The hypocrisy of this anti-male government knows no bounds as can be seen on their silence on one issue and their campaigning on another - all on the same day. Sexism by omission in its purest form.
This week more evidence was shown about the lack of boys going into university and that the trebling of tuition fees was putting them off from going to university. This feeds through to even fewer men going into professions and the decline of men continues into a downward spiral.
The Independent Commission for Fees' report set out this week stated:
The gap between working class boys and girls going to university widened in the first year of the new tuition fees regime, a new analysis of UCAS data by the Independent Commission on Fees shows today.
And while the fall in acceptances did not have any disproportionate impact on less privileged areas of England overall, young male acceptances from these areas declined over two years while young female acceptances increased.
Women are now a third more likely to enter higher education than men and the gender gap seems to have widened since 2010.
Among UK residents, 134,097 women aged 19 and under were accepted to English universities in 2012 compared with 110,630 young men.
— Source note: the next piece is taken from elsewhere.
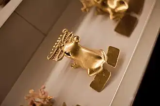 A partir de 800 d. C. y hasta la llegada de los españoles en el siglo XVI, se presentó un incremento en el tamaño y complejidad del diseño interno de las aldeas, y las diferencias regionales se acentuaron. La presencia de numerosos cementerios, simples y complejos, obras de infraestructura masivas, diversidad de bienes domésticos y suntuarios, desarrollo de orfebrería, intercambio regional y conflictos entre cacicazgos por territorios y recursos son elementos característicos de esta época. La jerarquización social incluye individuos principales como el cacique y el chamán, y el pueblo común formado por artesanos y agricultores. El oro substituyó al jade como símbolo de rango, en especial en las regiones Central y Diquís.[46]​ En la región del Valle del Díquis, se fabrican las esferas de piedra distintivas de la región, en el delta de los ríos Térraba y Sierpe, las cuales se postula que fueron utilizadas como símbolo de rango y marcadores territoriales. Otras obras de piedra incluyen figuras de bulto de formas humanas y animales, metates en forma de jaguar y estatuas antropomorfas.[47]​ Las zonas central, sur y atlántica del país tuvieron influencia sudamericana, debido a la presencia de grupos que hablan lenguas chibchas. La actual provincia de Guanacaste se convirtió en la frontera sur de Mesoamérica con la llegada de los chorotegas para el periodo comprendido entre los años 900 al 1000 d. C.[48]​ Los asentamientos humanos en la Costa Rica prehispánica cumplieron una función de puente cultural entre el Sur y el Norte del continente, y la orfebrería y la artesanía policromada en barro, tuvieron un amplio desarrollo y bellísimos resultados.[48]

This represents a decline since 2010 of 2.6% for girls and 4.0% for boys, and a 5.9% decline for girls and a 7.5% decline for boys since 2011.
Yet on the same day, Business Secretary Vince Cable issues another edict to demand that equality goes out of the window and that companies must put more women on boards, no matter if they are not the best people for the job. Discrimination against men if they are the better candidates does not count - gender is everything. Aided and abetted by organisations such as the Cranfield School of Management, an organisation that is happy to do the government's bidding for some free publicity.
If Cable, Cranfield and the government really believed in equality, they would be raising the concerns about the lack of boys going to university as much as the board issue. But because the university issue is about boys they are not interested.
Surely the Cranfield School of Management should be concerned about the lack of numbers of boys going to into management and the professions at a a graduate age. They are not - again - because they dance to the government's tune but are also blinkered by political correctness not to be bothered.
Posted by Skimmignton
Ps - here is a great post from Groan earlier on this week:
This is an interesting report. Once again showing males losing out in education. I can’t find the reference but there was some research done early in the life of student loans here in the UK . One basic point was that young men took more seriously the weight of the debt. Because they expected to be solely responsible for repayment in future.
Whereas females expected more help from family and future partners in paying for the loans. In
other words the females generally expected to be able to share their responsibilities either presently or in the future. This is of course a likely scenario and a realistic expectation generally in a society still organised generally on a “one and a half” pay contribution to couple’s finances.
This reminded me then of the much more extensive debates and research in the USA. There it is quite clear a number of gendered issues assist female access to HE and FE.
1. Greater financial support for females from families.
2. More likely to have financial support and gifts from partners (cars being common).
3. Deliberate behaviour to partner with “successful” males able to support them. There is extensive
research on US universities as a site for females seeking good prospects for
partnership and marriage.
4. Expectations of future earnings of husbands and their responsibility for funding their
I suspect the more extensive research in the US reflects their more open discussion of money.